Появляясь там, где сложно, — от предисловия к изданию произведений Б. Л. Пастернака до предисловия к сборнику стихов А. Кушнера. Его деятельность как бы наглядно подтверждает связи древнерусской литературы, древнерусского искусства с современностью, со всей европейской культурой. Это не случайно. Как никто, он понимает губительность национализма, узкого, чванливого, всегда озлобленного, порождающего неуверенность, слабость. Нельзя жить изолированно ни человеку от мира, ни национальной культуре относительно культуры других стран. В этом идея его «Заметок о русском». Интернационализм для него не правило, не лозунг, это, скорее, свойство его души и образа мыслей, и именно это помогает ему в своих работах удерживаться на единственно верной линии: любить, защищать древнерусское искусство и не быть националистом, «дуботолком», как он называет некоторых своих оппонентов.
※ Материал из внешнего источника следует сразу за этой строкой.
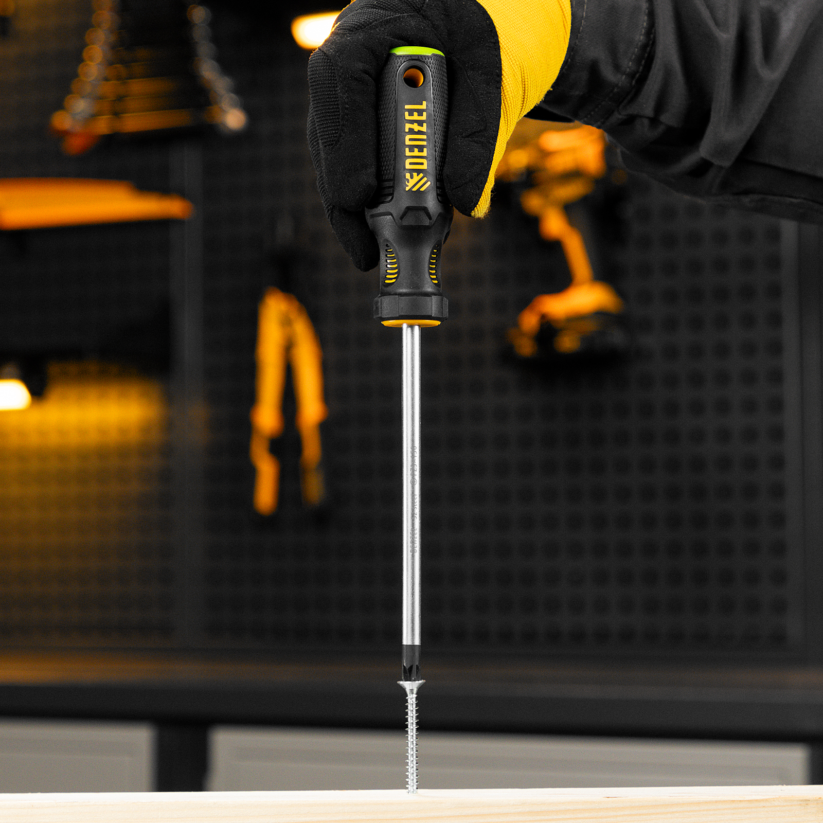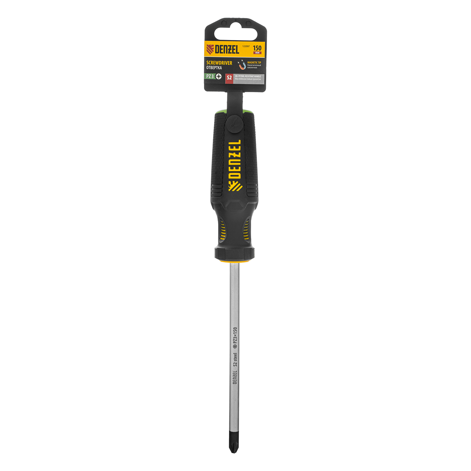 Отвертка Denzel 122097 с трехкомпонентной рукояткой, со стержнем из стали S2, длиной 150 мм, имеет шлиц PZ3 и предназначена для монтажных и демонтажных работ с резьбовыми соединениями типа Pozidriv. Благодаря намагниченному высокоточному шлицу отвертку с крепежом можно направлять одной рукой, удерживая другой закрепляемую деталь. Инструмент подходит для профессионального использования.

И хочется думать, что не случайно нынешнее время так счастливо совпало со взлетом признания Д. С. Лихачева, для многих людей открылись его труды, жадно воспринимаются его публицистика, его выступления. Несомненно, в этом отражается нравственное стремление и времени, и людей к очищению, выпрямлению жизни.
Александр Фадеев
В одном из перерывов съезда меня позвали к Александру Андреевичу Прокофьеву. Он был главой нашей ленинградской делегации. Съезд шел уже неделю. Второй Всесоюзный съезд писателей. Был декабрь 1954 года. «С тобой хочет познакомиться Фадеев», — сказал Александр Андреевич. Для меня это прозвучало неожиданно и непонятно. Честно говоря, в те дни многое меня ошеломляло. Начать с того, что меня выбрали делегатом на съезд и что я оказался вдруг среди людей, которые были до того времени портретами, собраниями сочинений, известными с детства стихами, строчками. Они превращались в живых людей, можно было услышать их голоса, высказывания, причем самые заурядные, меня знакомили, я ощущал тепло их рук, — Амаду, Хикмет, Арагон, Ивашкевич… Было любопытно и страшновато, потому что любой из них мог спросить: а это, собственно, кто такой? Я ощущал себя чужаком, случайно проникшим на Олимп. Даже в своей ленинградской делегации я робел, и немудрено: в составе ее были Ольга Форш, Анна Ахматова, Евгений Шварц, Михаил Слонимский, Юрий Герман… — что ни имя, то страница истории литературы, их знали Горький, Маяковский, они видели Блока, Куприна, от них тянулась прямая связь с великой нашей классикой. К счастью, никто мною особенно не интересовался. И вот почему-то Фадеев.
А Фадеев был для меня тем более академично-мраморным, извечно существующим, поскольку еще в школе мы проходили «Разгром». То, что было в школе, ныне, в 1954 году, отделенное четырьмя годами войны, стало историей.
На следующий день, после заседания, А. А Прокофьев подвел меня к Фадееву. Вблизи Фадеев выглядел и моложе, и мягче, чем издали, под юпитерами президиума. Седые волосы его не старили. В стройной его высокой фигуре была легкость, упругость здоровья. Он оглядел меня с неясным еще любопытством. Получилось так, что мы оба как бы уставились друг на друга. Заметив это, Фадеев засмеялся, откинув голову. Он предложил посидеть, поговорить, нет, не тут, лучше у него дома, сразу после съезда, то есть через два дня, и он написал мне на клочке бумаги свой адрес, как пройти. Они с Прокофьевым называли друг друга «Сашка», «Сашок», что почему-то меня тоже изумило. Но главное — я не решился спросить Фадеева, зачем я ему понадобился. Я сделал вид, что так оно и положено, у нас есть о чем поговорить. И последующие дни мучился, гадал, не мог представить себе, какое у него может быть дело ко мне.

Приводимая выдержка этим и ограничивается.